Your objective: Reproduce the listing that follows in full. Omit its images.

Exercise data:

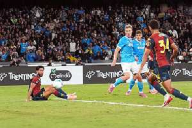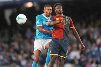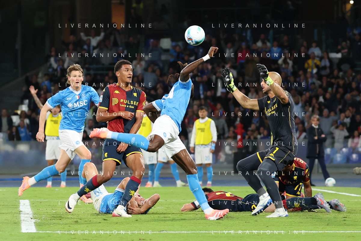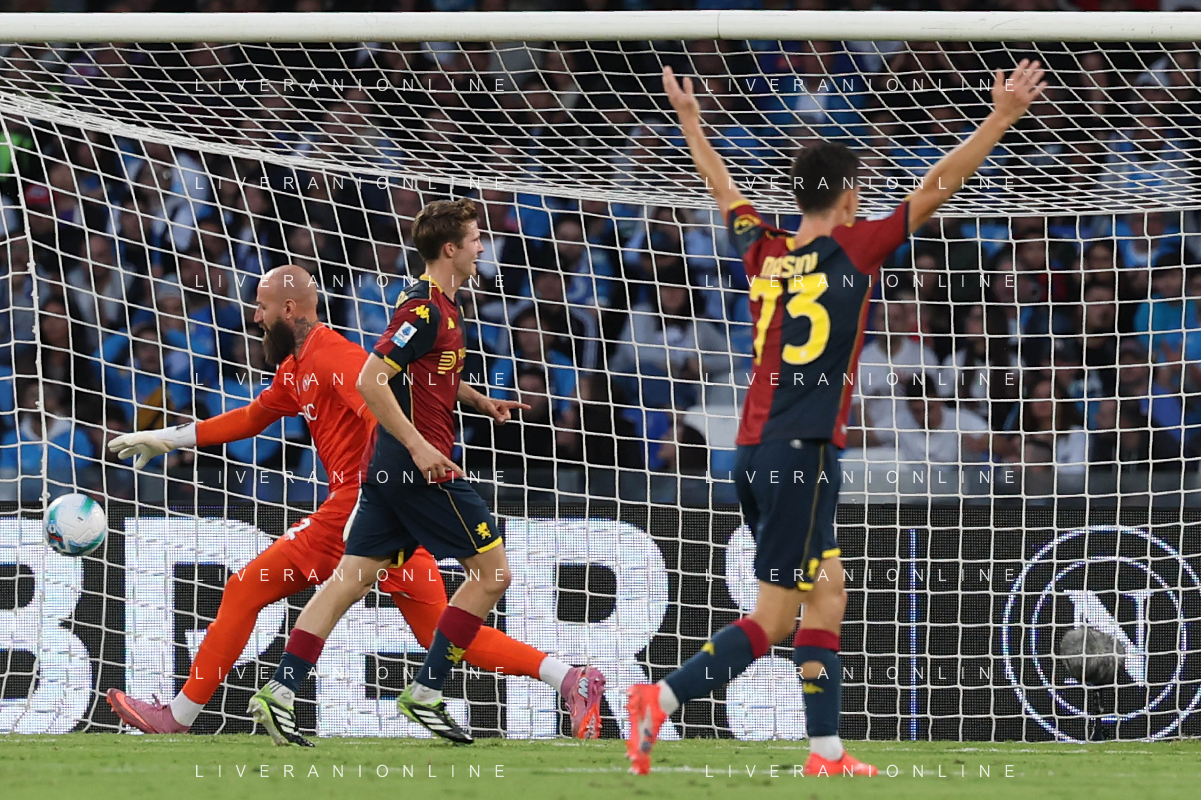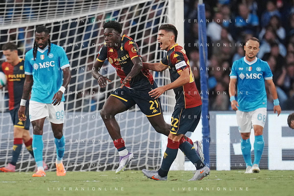 TVPM Napoli, Genoa Nella foto: gol Jeff Ekhator Foto Mosca, Ag.Liverani- AGENZIA ALDO LIVERANI SAS -TVPM Napoli - Genoa Campionato Calcio Serie A 05.10.2025
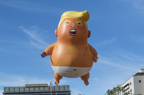Шестиметровый воздушный шар создали перед визитом американского лидера в Великобританию. Впервые “Малыш Трамп” поднялся в небо в 2018 году в знак протеста против приезда в Лондон хозяина Белого дома.
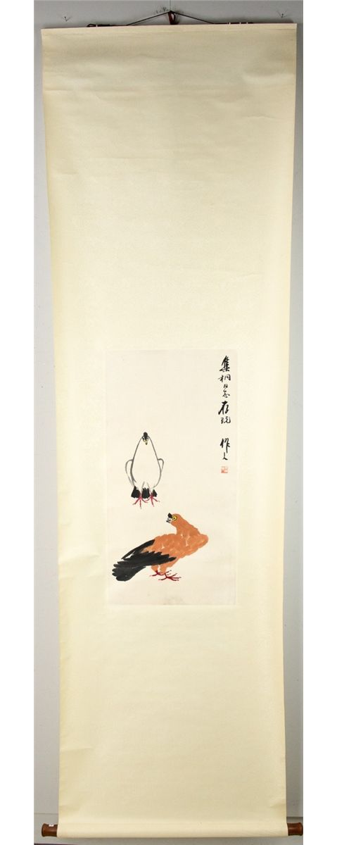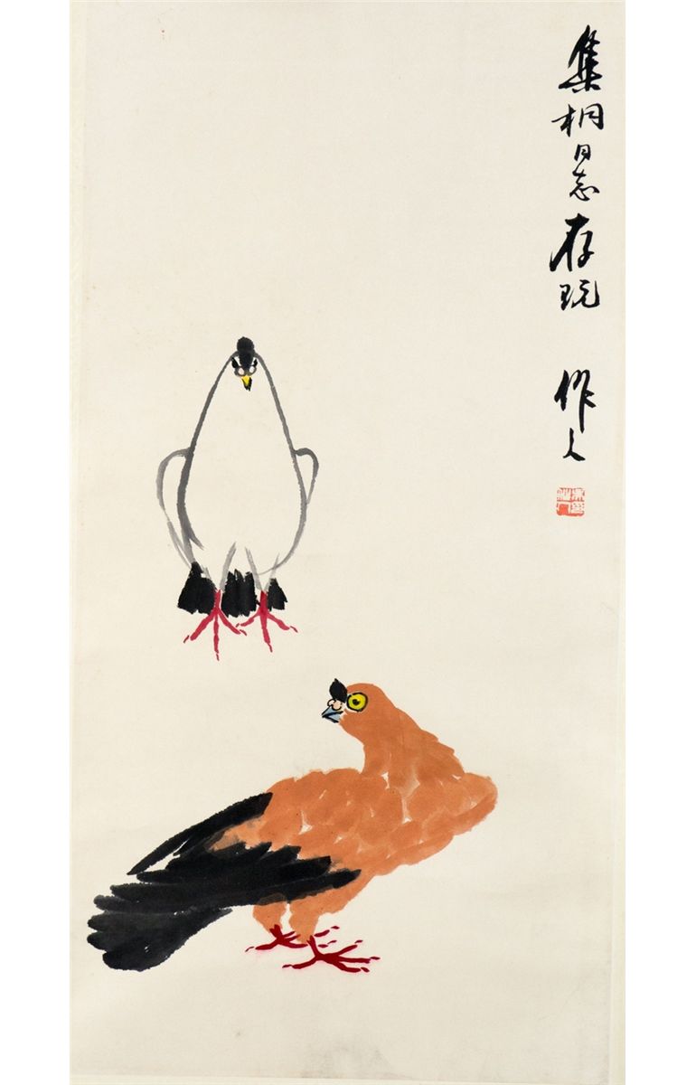 Two chickens, hanging scroll, Chinese ink and watercolour on paper, signed and sealed Wu Zuoren (1908?1997). 68 cm x 34 cm.
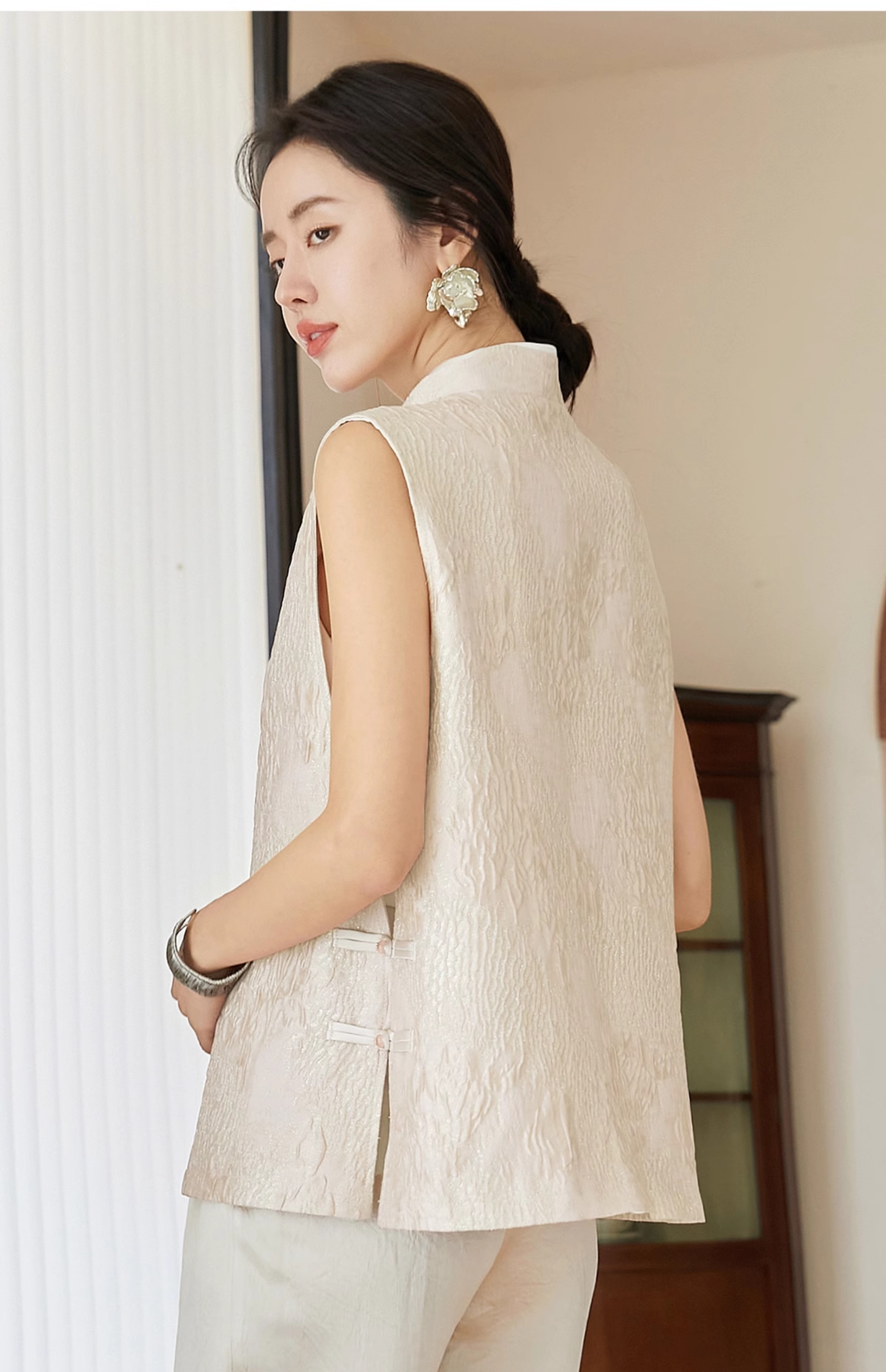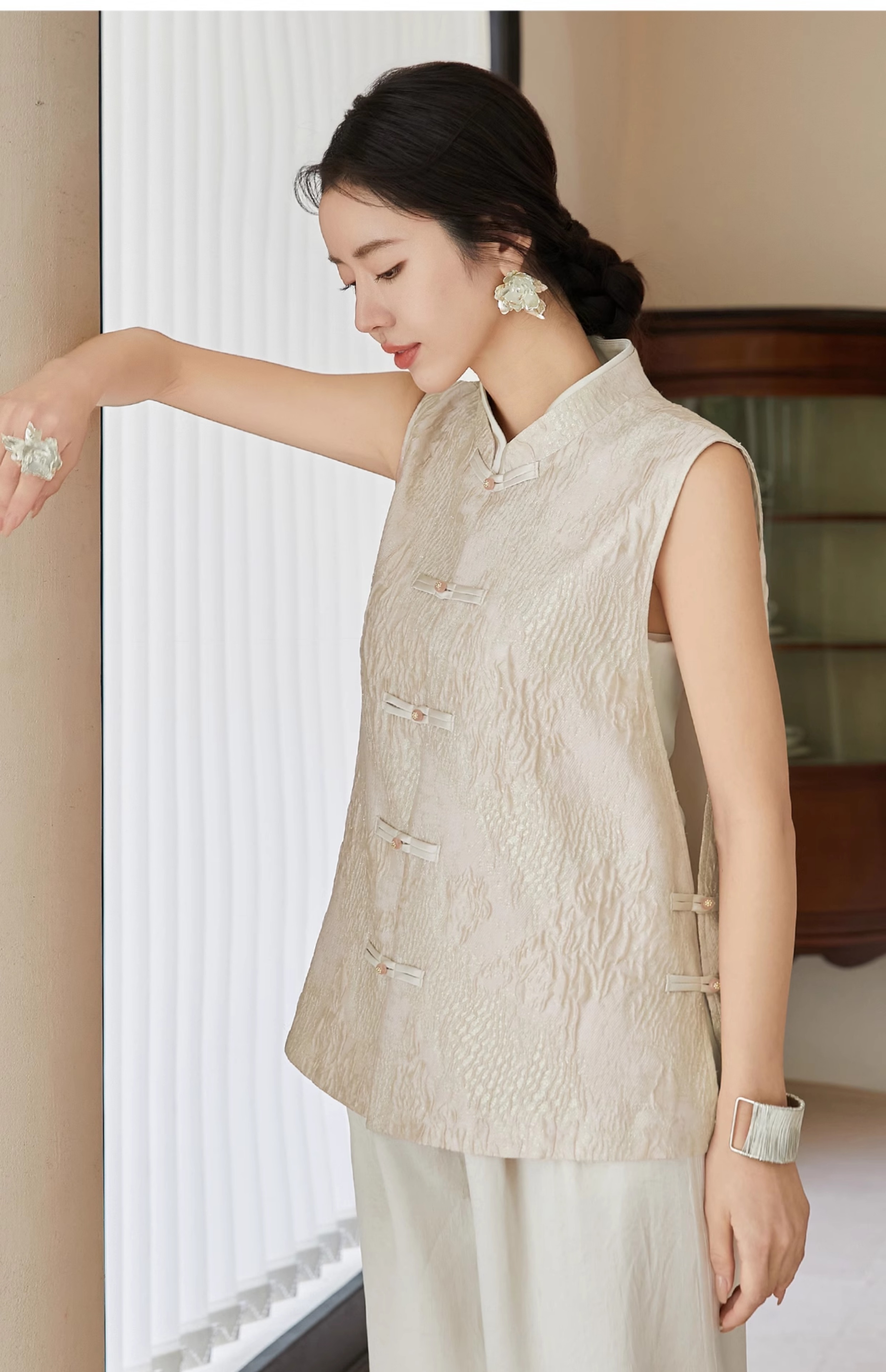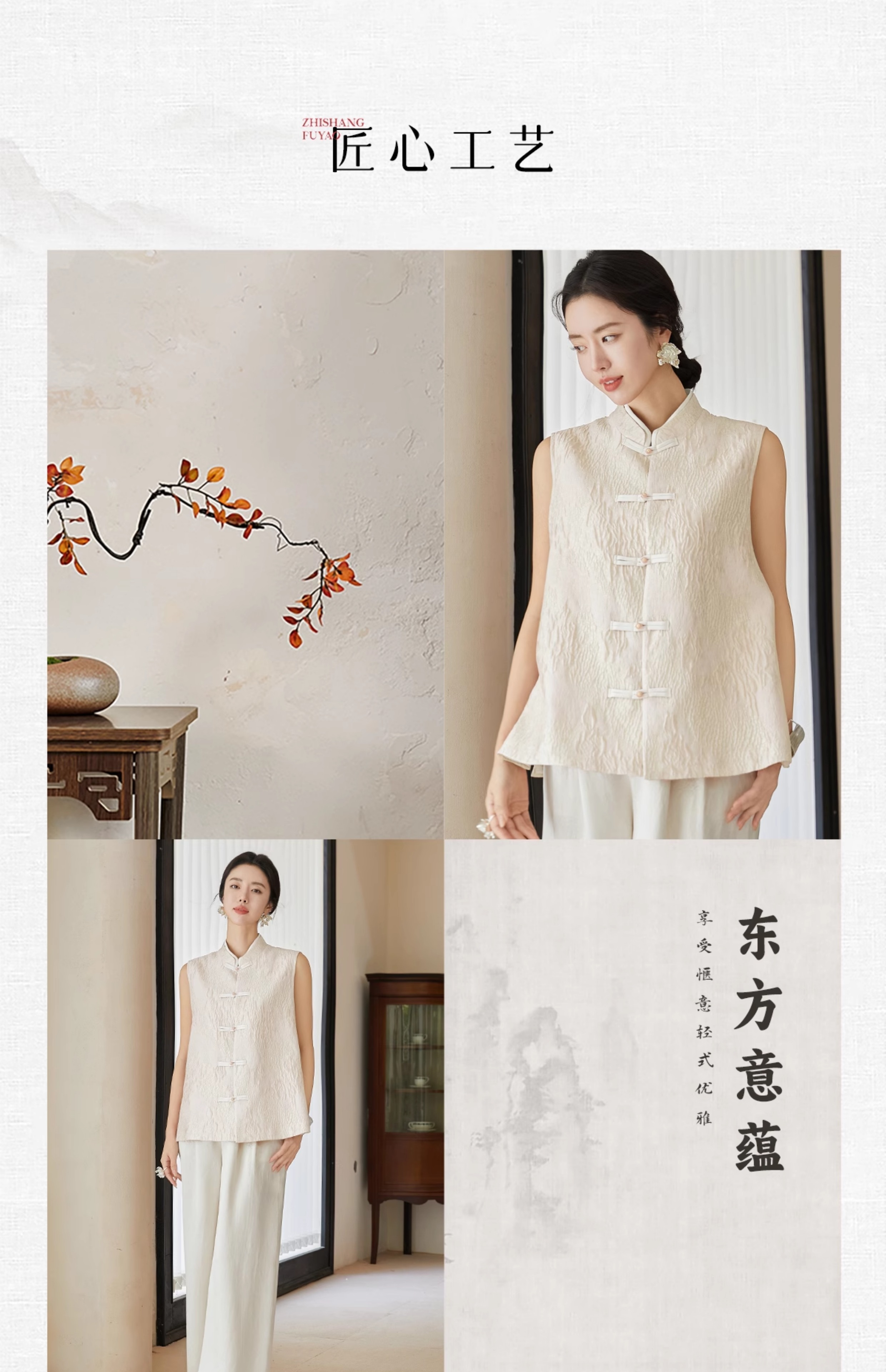 FUYAO扶摇 复古盘扣马甲女重工提花气质上衣新中式国风对襟开衫夏

Task solution:
 TVPM Napoli, Genoa Nella foto: gol Jeff Ekhator Foto Mosca, Ag.Liverani- AGENZIA ALDO LIVERANI SAS -TVPM Napoli - Genoa Campionato Calcio Serie A 05.10.2025
Шестиметровый воздушный шар создали перед визитом американского лидера в Великобританию. Впервые “Малыш Трамп” поднялся в небо в 2018 году в знак протеста против приезда в Лондон хозяина Белого дома.
 Two chickens, hanging scroll, Chinese ink and watercolour on paper, signed and sealed Wu Zuoren (1908?1997). 68 cm x 34 cm.
 FUYAO扶摇 复古盘扣马甲女重工提花气质上衣新中式国风对襟开衫夏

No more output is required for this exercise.